Heh heh, Zog answers KBT's question! I thought you two would have met by now.

Swap you a video of the day for yer CD zog...?

Yeah, and lets make it an annual event... perhaps we can get Toy Mike Trevor to play next year as well?

LMHF - were you there on the parade?


----------



## spacemonkey (Oct 3, 2005)

Awww, i forgot about this, wish i'd gone now!


----------



## LilMissHissyFit (Oct 3, 2005)

Col_Buendia said:
			
		

> Heh heh, Zog answers KBT's question! I thought you two would have met by now.
> 
> Swap you a video of the day for yer CD zog...?
> 
> ...


hehe no I was trying to 'rest'


----------



## King Biscuit Time (Oct 3, 2005)

CD bought in spillers today.

Just going in my CD player now - I'll get back to you.


----------



## Col_Buendia (Oct 3, 2005)

King Biscuit Time said:
			
		

> CD bought in spillers today.
> 
> Just going in my CD player now - I'll get back to you.



H'much?


----------



## King Biscuit Time (Oct 3, 2005)

You can get it for £9 in Spillers.
Its pretty good in parts - lotsa Wales/Cardiff refs and a few decent tracks.


----------



## RubberBuccaneer (Oct 6, 2005)

A feature on HTV news tonight , interviewing him at his 'pulpit of rhythm', in full Tutenkahumn/DAme Edna gear ( as in the photo above ).
The interviewer asked for tips, apparently according to NInja ( PBUH )your right hand is your father and your left is your mother and together....


----------



## ddraig (Oct 9, 2005)

spoke to him yesterday (interrupting his bun pounding) to enquire whether it was coming out on vinyl
might be a few copies and a possible dnb promo of one of the tracks and he told me to get on to boobytrap.
what's all this bout him being canadian    sounded a bit brummie to me.

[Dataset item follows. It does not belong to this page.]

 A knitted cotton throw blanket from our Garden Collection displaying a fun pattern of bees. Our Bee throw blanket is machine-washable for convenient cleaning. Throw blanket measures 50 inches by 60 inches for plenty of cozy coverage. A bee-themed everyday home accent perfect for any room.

then i slipped over on a wet cardboard box outside where subways is, went flying, cut my knuckles, smashed a bottle of soy sauce over my other shopping and bag, ripped the corner of a record bag and found the edges of 2 tunes shattered when i got home    
went into the shops nearby asking if it was their box and one admitted it but reckons biffa or cleanaway should've cleaned it up the night before.  i am mightily pissed off and want to rant at someone...
council or private company?  someone could have really had a bad injury.
not out of order to want some compo for the tunes and soy sauce is it?


----------